<<<<
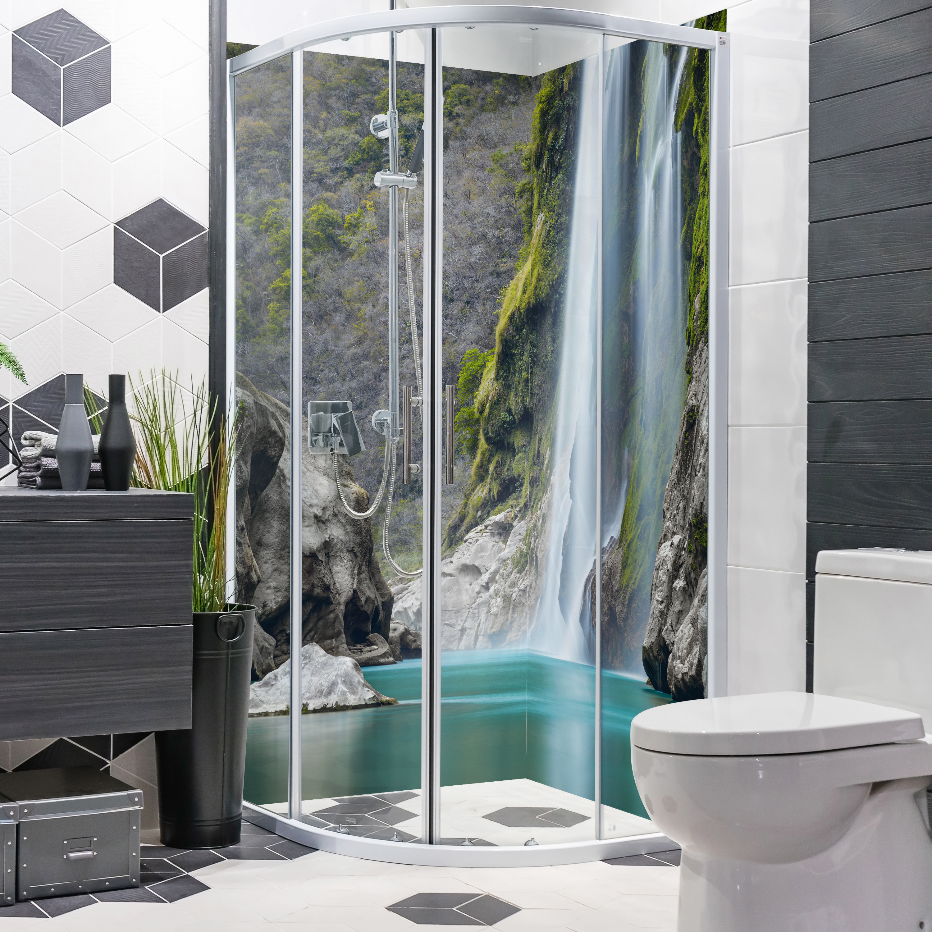 Duschrückwand mit Wasserfall V15 Motiv, als Badrückwand zum Fliesenersatz
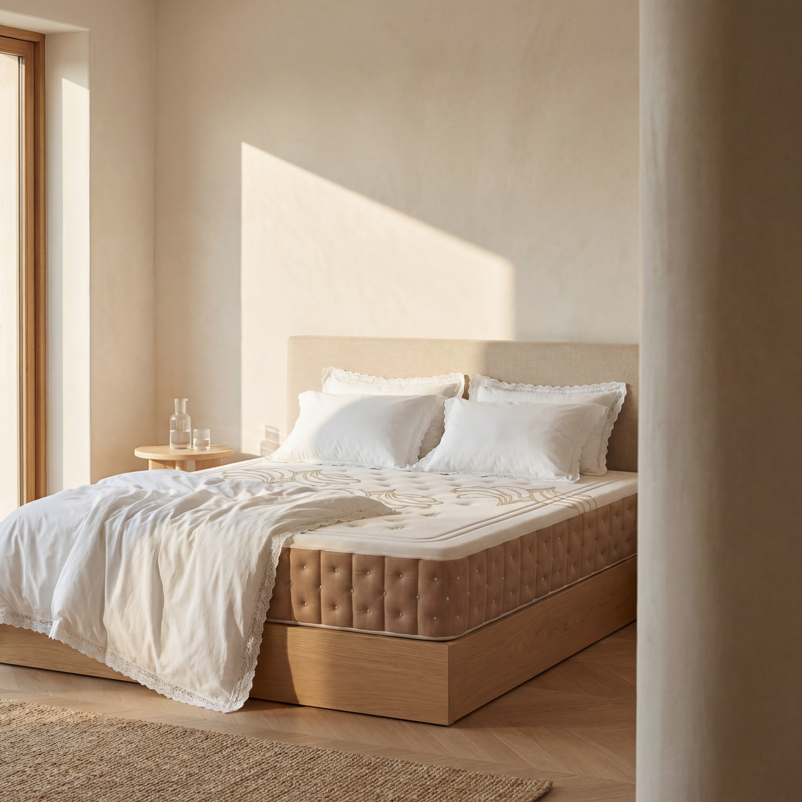 Descansa sobre la pureza de la naturaleza. Nuestro colchón orgánico combina látex natural con visco vegetal elaborada a partir de soja, creando una superficie de descanso saludable, completamente libre de químicos tóxicos. Ergonómico por diseño, hipoalergénico por naturaleza: el colchón naturalque tu piel y tu bienestar han estado esperando.
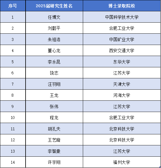 Bl小说 2025届14名学子成功获得博士研究生入学资格,录取院校包括中国科学技术大学、合肥工业大学、西安交通大学等知名高校,专业方向聚焦于国家战略需求与产业前沿,包括机械制造及其自动化、智能装备与机器人、机械设计与理论等领域。
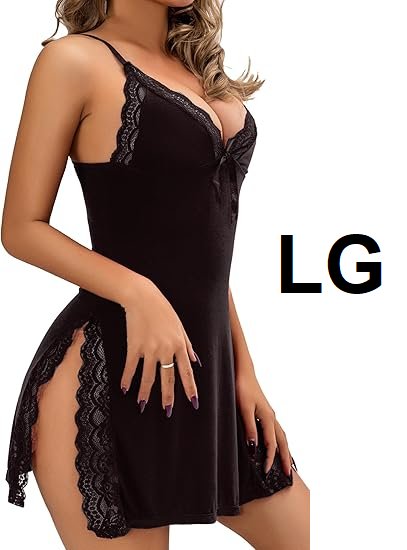 women's cripom thin strap Sexy lingerie nightgown - large - black
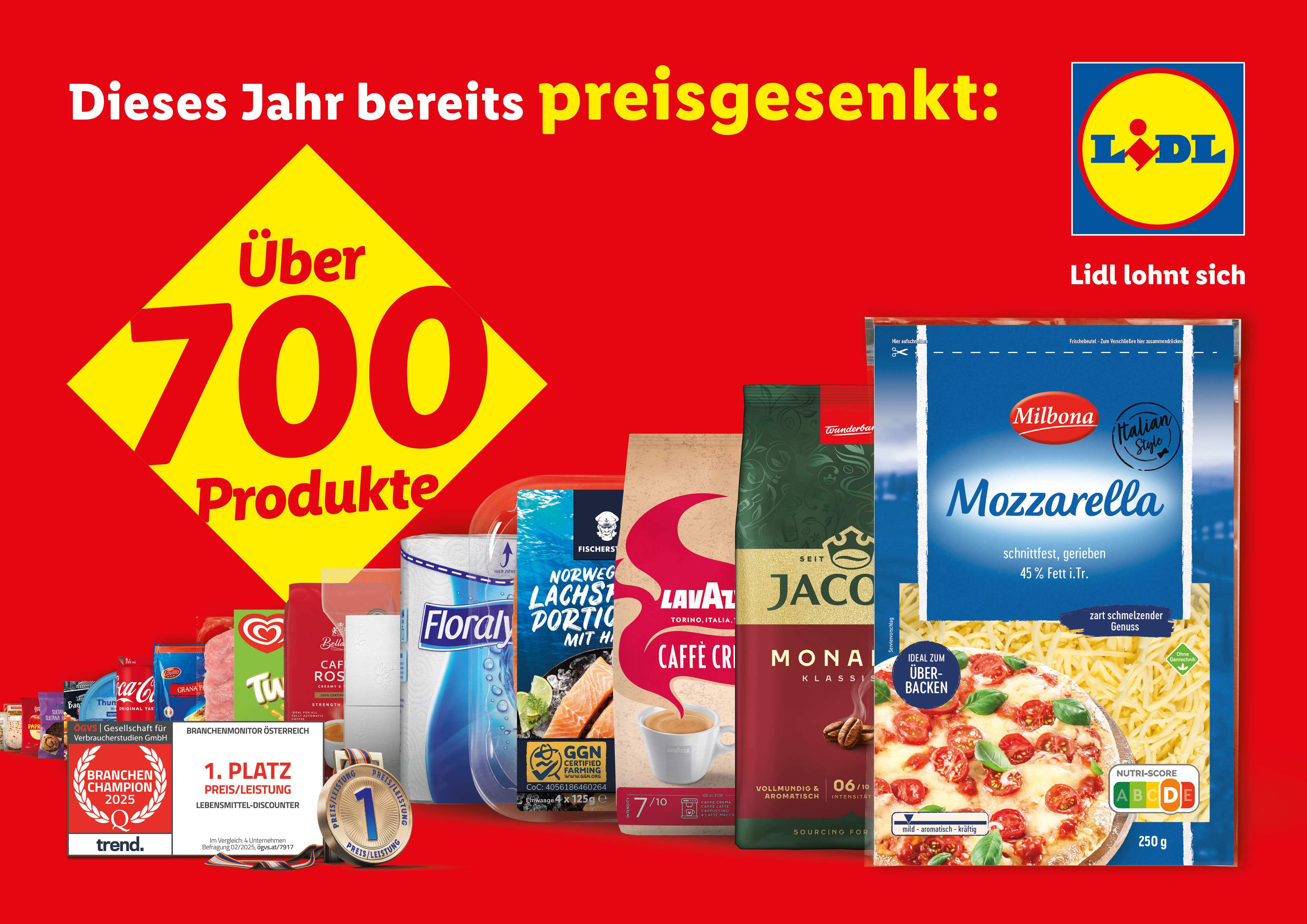 Seit Anfang des Jahres hat Lidl Österreich die Preise bei über 700 Einzelartikeln gesenkt – und zwar quer durch das Sortiment! Mit spürbarer Entlastung für die Konsumenten: Laut AK Preismonitor kostete der Einkaufskorb im Juni 2025 in den Supermärkten um durchschnittlich 10,2 Prozent mehr als bei den Diskontern.
>>>>
*TASK STATEMENT*. Starting at the line with "Bl小说 2025届14名学", output each line through the final one of the listing above, and nothing else. Pictures are to be left out.

*RESULT*.
 Bl小说 2025届14名学子成功获得博士研究生入学资格,录取院校包括中国科学技术大学、合肥工业大学、西安交通大学等知名高校,专业方向聚焦于国家战略需求与产业前沿,包括机械制造及其自动化、智能装备与机器人、机械设计与理论等领域。
 women's cripom thin strap Sexy lingerie nightgown - large - black
 Seit Anfang des Jahres hat Lidl Österreich die Preise bei über 700 Einzelartikeln gesenkt – und zwar quer durch das Sortiment! Mit spürbarer Entlastung für die Konsumenten: Laut AK Preismonitor kostete der Einkaufskorb im Juni 2025 in den Supermärkten um durchschnittlich 10,2 Prozent mehr als bei den Diskontern.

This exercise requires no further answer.